Goode is a winemaker whose tenacity and drive I’ve admired for some time. Her family has run Wangolina Station at Mount Benson in South Australia for nigh on a century, the cattle and sheep side of the property supplemented by wine when vineyards were planted in 1999, and Goode completed winemaking studies in 2001.
While the property, now entirely run by Goode since the retirement of her father John in 2015, still supports a significant commercial cattle business, wine has become increasingly important focus at Wangolina Station. And with good reason.
Goode has a beautifully instinctive winemaking touch and her wines show an attention to detail that’s all the more impressive when you realise they’re the product of some very skilled multi-tasking. She has a deep appreciation for what the cool, maritime Mount Benson region can do well, and a restless curiosity to see what else she can add to that list. Hers are wines well worth seeking out.
Wangolina 2018 Lagrein, Limestone Coast
Goode sources the Lagrein grapes for this wine from the Wirrega vineyard at Mundulla, a slightly warmer site inland from Wangolina Station and a little farther north. While still cool, that little extra warmth allows a variety such as Lagrein to develop its abundant flavours earlier in the ripening process, bringing richness and generosity to the wine at reasonably modest alcohol levels.
The other key factor in shaping a wine as supple and restrained as this, when so many Australian examples present as hard and angular, is a gentle hand during fermentation, working hard to ensure gentle extraction and resisting the temptation to drag every last drop of colour, flavour and tannin out of a grape often over endowed with all three.

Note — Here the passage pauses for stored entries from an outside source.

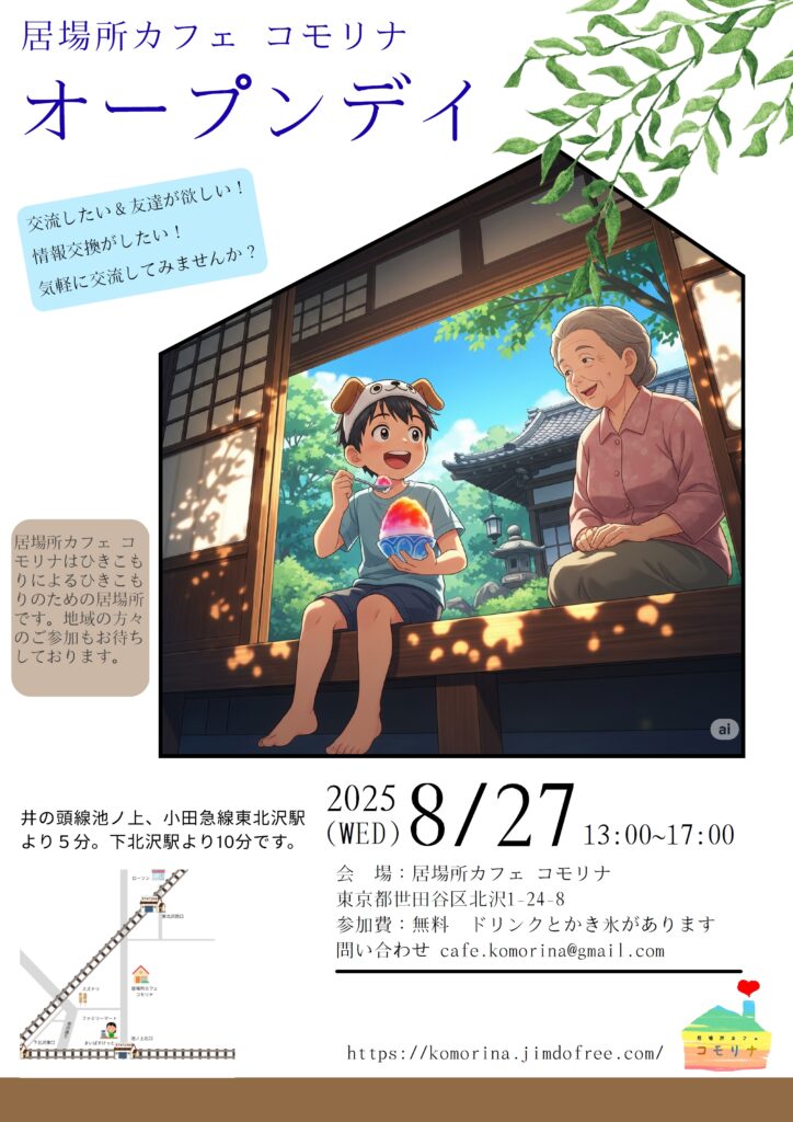 居場所カフェ コモリナはひきこもりのひきこもりによるひきこもりのための居場所ですが、地域の方々にも広く利用していただけるようにと「オープンデイ」の企画がはじまりました。
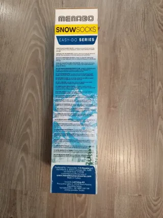Fundas para la nieve MENABO, modelo Easy-Go Series. - Talla XL. - Certificación EN 16662-1. - Homologadas para 40 km/h (25 mph). - Compatibles con ABS/ESP. - Instalación rápida en 3 minutos. - Diseño 3D para mayor tracción.
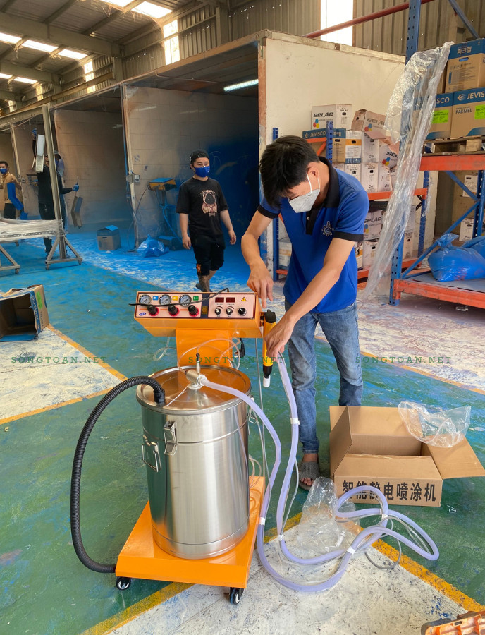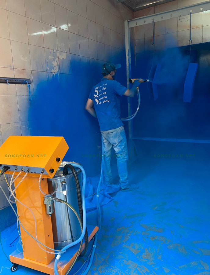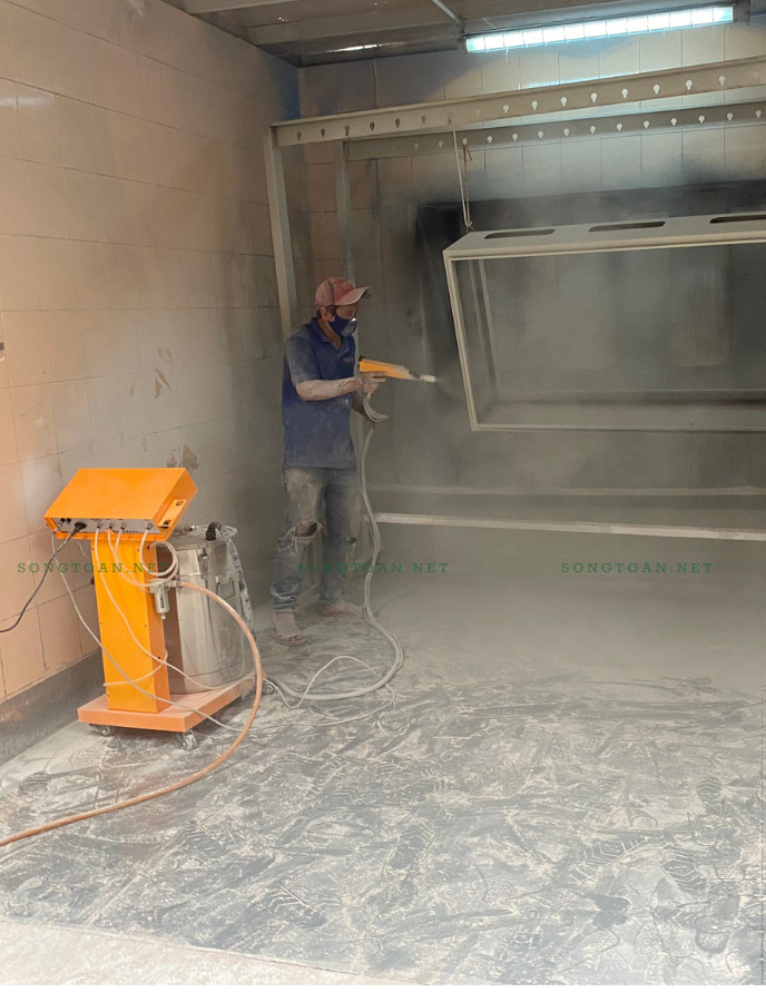 • Phun bột: sử dụng máy phun bột sơn chuyên dụng phun đều lên bề mặt sản phẩm
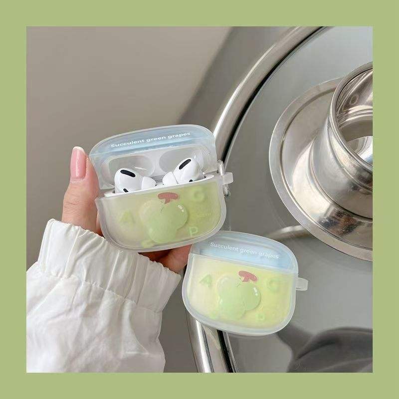 Suitable for AirPods Pro 3 Apple earphones, protective case, fresh gradient green grape, shockproof soft shell
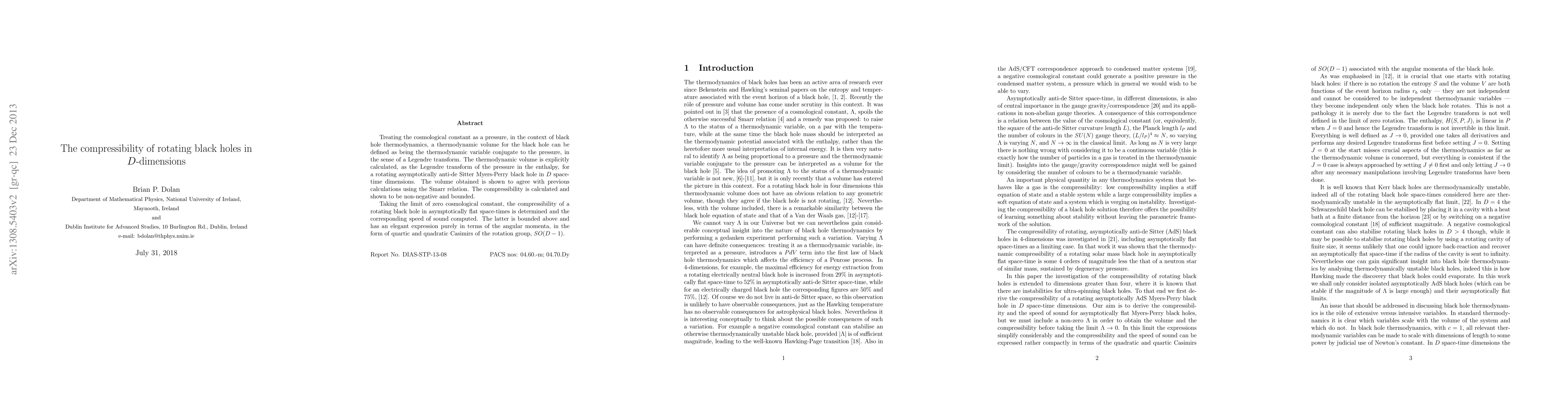 Treating the cosmological constant as a pressure, in the context of black hole thermodynamics, a thermodynamic volume for the black hole can be defined as being the thermodynamic variable conjugate to the pressure, in the sense of a Legendre transform. The thermodynamic volume is explicitly calculated, as the Legendre transform of the pressure in the enthalpy for a rotating asymptotically anti-de Sitter Myers-Perry black hole in D space-time dimensions. The volume obtained is shown to agree with previous calculations using the Smarr relation. The compressibility is calculated and shown to be non-negative and bounded. Taking the limit of zero cosmological constant, the compressibility of a rotating black hole in asymptotically flat space-times is determined and the corresponding speed of sound computed. The latter is bounded above and has an elegant expression purely in terms of the angular momenta, in the form of quartic and quadratic Casimirs of the rotation group, SO(D-1).
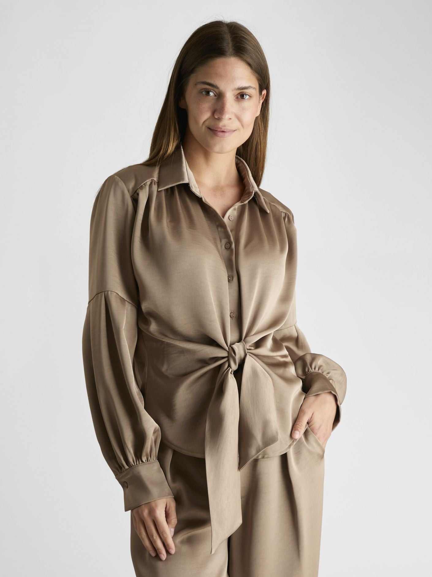 Neo Noir - Naja Satin Shirt Dark Taupe
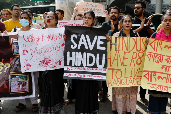 வங்கதேசத்தில் ஹிந்துக்கள், கிறிஸ்தவா்கள், பௌத்தா்களுக்கு எதிராக தொடா்ச்சியான வன்முறைச் சம்பவங்கள் நடைபெறுவது குறித்து இந்திய வெளியுறவு அமைச்சகத்தின் செய்தித் தொடா்பாளா் ரண்தீா் ஜெய்ஸ்வால் கடந்த வெள்ளிக்கிழமை கவலை தெரிவித்தாா்.

The wine is decadently coloured and beautifully perfumed. Violets, mulberries, star anise, Dutch liquorice and dark roasted spices abound. It’s tightly coiled, sinewy and lithe on the palate. It has impressive fruit intensity and depth but not a drop of fat; it’s a wine that has arrived at a point of perfect ripeness without showing any sign of being forced or pushed. It’s as good an example of the variety as I’ve seen in this country, and if people can get their heads around it as impressively as Goode has, then we all might be getting down and dirty with Lagrein.